Хотя я не занимался Билбо всерьез, тем не менее я выяснил из моих не слишком глубоких исследований (причем к немалому моему удивлению, поскольку в сороковые годы он являл собою поистине омерзительный образчик общественного деятеля), что и он тоже принадлежал к этой классически парадоксальной категории людей: подобно многим другим, Билбо начинал с приверженности просвещенным принципам и действительно, как я обнаружил, был в числе общественных деятелей, предлагавших реформы и вносивших существенный вклад в общее благосостояние. Возможно, этот вклад был и не таким уж большим – особенно если сопоставить его с тошнотворными высказываниями, которые заставили бы отшатнуться даже самых узколобых виргинских реакционеров, – но все же он имел место. Один из самых злобных глашатаев омерзительной догмы, бытовавшей ниже линии Мейсона – Диксона[152], он одновременно показался мне, пока я в задумчивости смотрел на изможденную фигуру человека, которого уже коснулась рука смерти, хотя он еще и шел, согнувшись, в мешковатом белом палмбичском костюме мимо растрепанной пальмы, направляясь в новоорлеанскую клинику, – он показался мне также одной из ее главных и самых несчастных жертв, а потому я с легким вздохом жалости прошептал ему «прощай». Внезапно, пока я думал о Юге, думал о Билбо и опять-таки о Бобби Уиде, на меня навалилось глубочайшее уныние. Сколько же это будет продолжаться, о Господи? – воззвал я к закопченным недвижным люстрам.

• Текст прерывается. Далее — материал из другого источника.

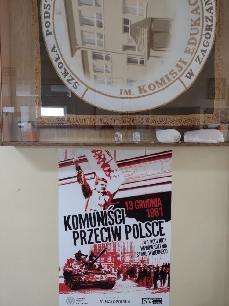 Dla uczczenia doniosłej 40. rocznicy wprowadzenia stanu wojennego nasza szkolna społeczność wzięła udział w społecznej akcji "Zapal Światło Wolności". W wielu oknach zagórzańskich domów 13 grudnia o godz. 19:30 zapłonęły rzeczywiste świece – symbol upamiętniający tych, którzy stracili życie lub w inny sposób ucierpieli w wyniku wprowadzonego 13 grudnia 1981 roku stanu wojennego. Bardzo wielu uczniów również zaangażowało się w wirtualne światełko na stronie swiatlowolnosci.ipn.gov.pl. Geneza akcji sięga do strasznej dla Polaków wojennej Wigilii Bożego Narodzenia. Do postawienia w oknach symbolicznych świateł wezwali prezydent USA Ronald Reagan oraz papież Jan Paweł II. Piękny gest współodczuwania podjęły miliony ludzi wolnego świata, aby publicznie wyrazić brak zgody na brutalizm polityki PRL. W orędziu prezydent USA wspomniał o Polakach cierpiących z powodu reżimu komunistycznego i zwrócił się do Amerykanów, mówiąc: "Niech płomień milionów świec w amerykańskich domach będzie świadectwem, że światła wolności nie uda się zgasić".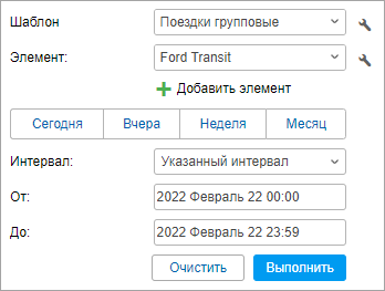Выберите элемент системы (на него должно быть право доступа Запрос сообщений и отчетов), по которому должен быть сформирован отчет. В зависимости от типа отчета, указанного в шаблоне, можно выбрать объект, группу объектов, пользователя, водителя, прицеп, маршрут, ресурс, ретранслятор, группу водителей или прицепов, пассажира или группу пассажиров. Для отчета типа Группа объектов может быть указано несколько элементов. Для этого нажмите на кнопку Добавить элемент (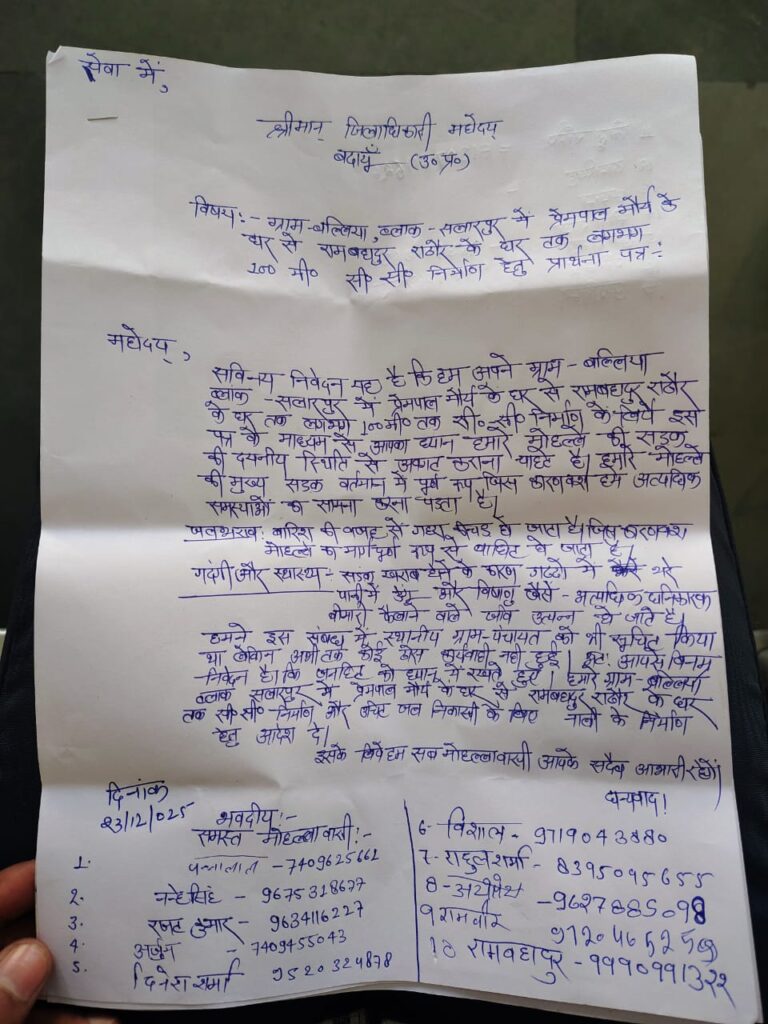 मंगलवार को लगभग एक दर्जन ग्रामीणों ने बदायूं डीएम कार्यालय पहुंचकर प्रार्थना पत्र देकर सीसी रोड की मांग की है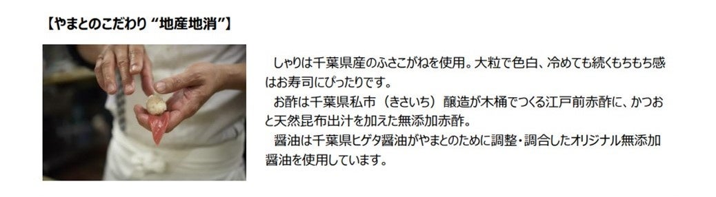 『回転寿司やまと』は1996年、館山に1号店をオープンしました。地元のお客様から観光客まで幅広い支持を得て、千 葉県を中心に店舗展開を進めています。愛され続ける理由は、水産会社直営だからこそ提供できる”本物の旨さ“。創業 40年以上、長年にわたり卸事業を手掛けてきた当社は、漁港との強固な信頼関係が強みです。魚を知り尽くした熟練の 目利きが、漁場で一匹一匹吟味して選別した鮮度抜群の魚介類を、職人が素材に応じた管理と下処理を丁寧に行 い、自然な旨味を堪能できる最高の状態でご提供。仲介流通ルートを省き、自社便配送することで、高品質な魚をお手 頃価格でお楽しみいただけます。評判が評判を呼び、「食べログ」千葉県寿司ランキングで1位常連となった今では、週末 2~3時間待ちとなる店舗も少なくありません。

Тут я увидел Софи – она как раз открывала грязную стеклянную дверь в бар, и косой луч золотого солнца упал под очень точным углом на прелестный изгиб ее скулы под миндалевидным глазом, напоминавшим своим затуманенно-томным взглядом об Азии, и на все ее широкое, столь гармонично вылепленное лицо, включая – или мне следовало бы сказать: подчеркивая – красивый тонкий, чуть вздернутый «польский шноц», как любил называть его Натан, оканчивавшийся этакой милой кнопочкой. Порой достаточно было одного небрежного жеста: вот она открывает дверь, расчесывает волосы, бросает хлеб лебедям в Проспект-парке (зависело это, видимо, от движения, позы, наклона головы, взмаха руки, покачивания бедром), – и возникала картина захватывающей дух, бесконечной красоты. Наклон головы, взмах руки, покачивание бедра – все это принадлежало только Софи, и никому больше, и, ей-богу, от этого буквально захватывало дух. Я хочу сказать – буквально, ибо я смотрел на нее потрясенный, пока она стояла в дверях и, щурясь, всматривалась в полумрак, а ее льняные волосы затоплял золотой вечерний свет, и вдруг услышал, как, задохнувшись, икнул – тоненько, но вполне различимо. Я был все еще без ума от нее.

– Язвинка, куда это ты идешь, так разоделся – даже нацепил баллончик, ты такой симпатичненький, – скороговоркой выпалила она и, вспыхнув до корней волос, расхохоталась и поправилась, одновременно со мной произнеся: «Бабочку!» Она так хохотала, что, опустившись рядом со мной на банкетку, уткнулась лицом мне в плечо. – Quelle horreur![153]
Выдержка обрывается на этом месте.